What needs to be done –
After finding "Within this structure, input" in the material below, output its line and every line after it through the last, exactly, but not the pictures.

The records –
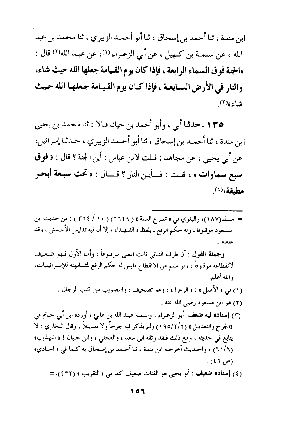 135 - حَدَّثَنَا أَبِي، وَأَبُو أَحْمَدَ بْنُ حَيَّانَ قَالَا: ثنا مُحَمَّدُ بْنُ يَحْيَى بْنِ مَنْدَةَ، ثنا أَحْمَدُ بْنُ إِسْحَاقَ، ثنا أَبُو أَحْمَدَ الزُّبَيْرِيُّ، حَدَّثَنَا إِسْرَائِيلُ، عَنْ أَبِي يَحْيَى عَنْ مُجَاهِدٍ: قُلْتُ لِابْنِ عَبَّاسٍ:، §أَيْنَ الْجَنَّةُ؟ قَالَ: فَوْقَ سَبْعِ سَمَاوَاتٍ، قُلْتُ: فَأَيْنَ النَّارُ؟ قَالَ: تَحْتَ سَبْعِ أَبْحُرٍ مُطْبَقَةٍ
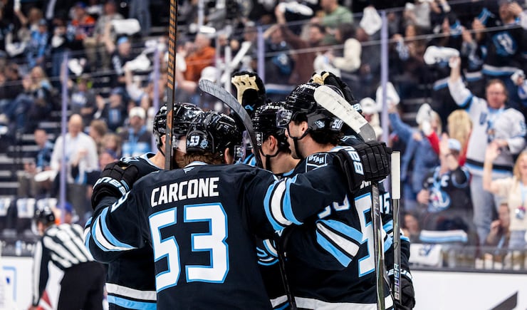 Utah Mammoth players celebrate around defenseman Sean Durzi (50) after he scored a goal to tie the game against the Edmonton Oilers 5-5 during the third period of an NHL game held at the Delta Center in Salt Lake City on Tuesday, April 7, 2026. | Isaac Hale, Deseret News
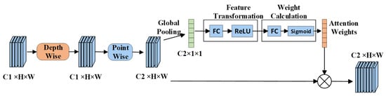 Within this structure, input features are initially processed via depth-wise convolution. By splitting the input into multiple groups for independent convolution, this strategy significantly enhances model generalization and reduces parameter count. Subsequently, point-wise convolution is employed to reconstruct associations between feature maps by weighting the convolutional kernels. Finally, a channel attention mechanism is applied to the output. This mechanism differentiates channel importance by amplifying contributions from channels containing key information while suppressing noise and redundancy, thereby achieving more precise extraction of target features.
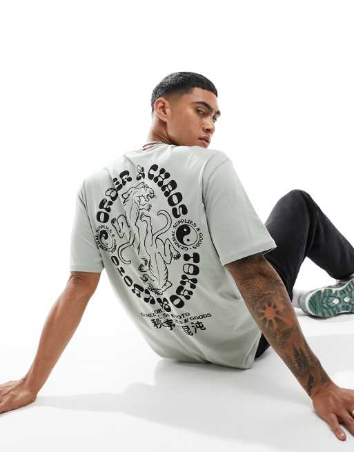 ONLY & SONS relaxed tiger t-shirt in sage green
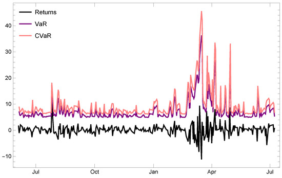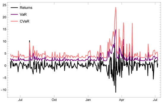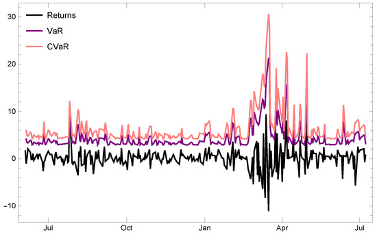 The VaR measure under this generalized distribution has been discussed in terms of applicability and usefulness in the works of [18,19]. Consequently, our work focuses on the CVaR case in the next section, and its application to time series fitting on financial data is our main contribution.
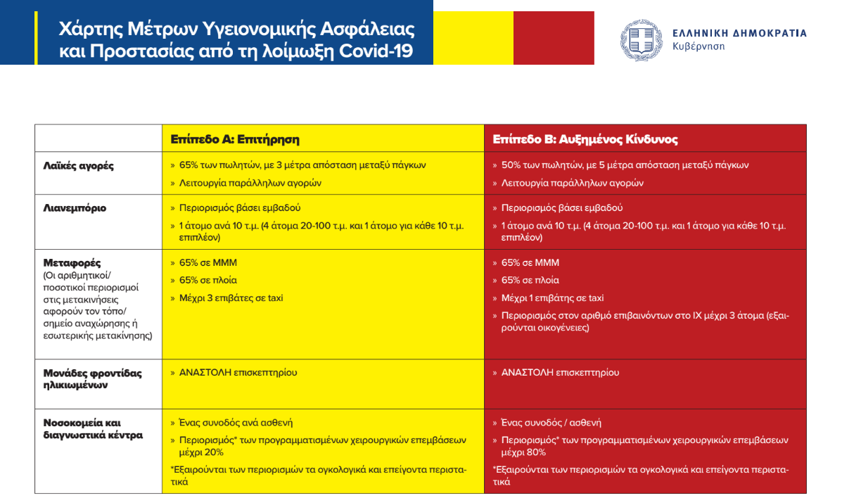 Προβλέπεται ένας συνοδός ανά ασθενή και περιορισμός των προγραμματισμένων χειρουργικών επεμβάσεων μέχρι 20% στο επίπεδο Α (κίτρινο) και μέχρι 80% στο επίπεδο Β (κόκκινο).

Answer to this problem –
 Within this structure, input features are initially processed via depth-wise convolution. By splitting the input into multiple groups for independent convolution, this strategy significantly enhances model generalization and reduces parameter count. Subsequently, point-wise convolution is employed to reconstruct associations between feature maps by weighting the convolutional kernels. Finally, a channel attention mechanism is applied to the output. This mechanism differentiates channel importance by amplifying contributions from channels containing key information while suppressing noise and redundancy, thereby achieving more precise extraction of target features.
 ONLY & SONS relaxed tiger t-shirt in sage green
 The VaR measure under this generalized distribution has been discussed in terms of applicability and usefulness in the works of [18,19]. Consequently, our work focuses on the CVaR case in the next section, and its application to time series fitting on financial data is our main contribution.
 Προβλέπεται ένας συνοδός ανά ασθενή και περιορισμός των προγραμματισμένων χειρουργικών επεμβάσεων μέχρι 20% στο επίπεδο Α (κίτρινο) και μέχρι 80% στο επίπεδο Β (κόκκινο).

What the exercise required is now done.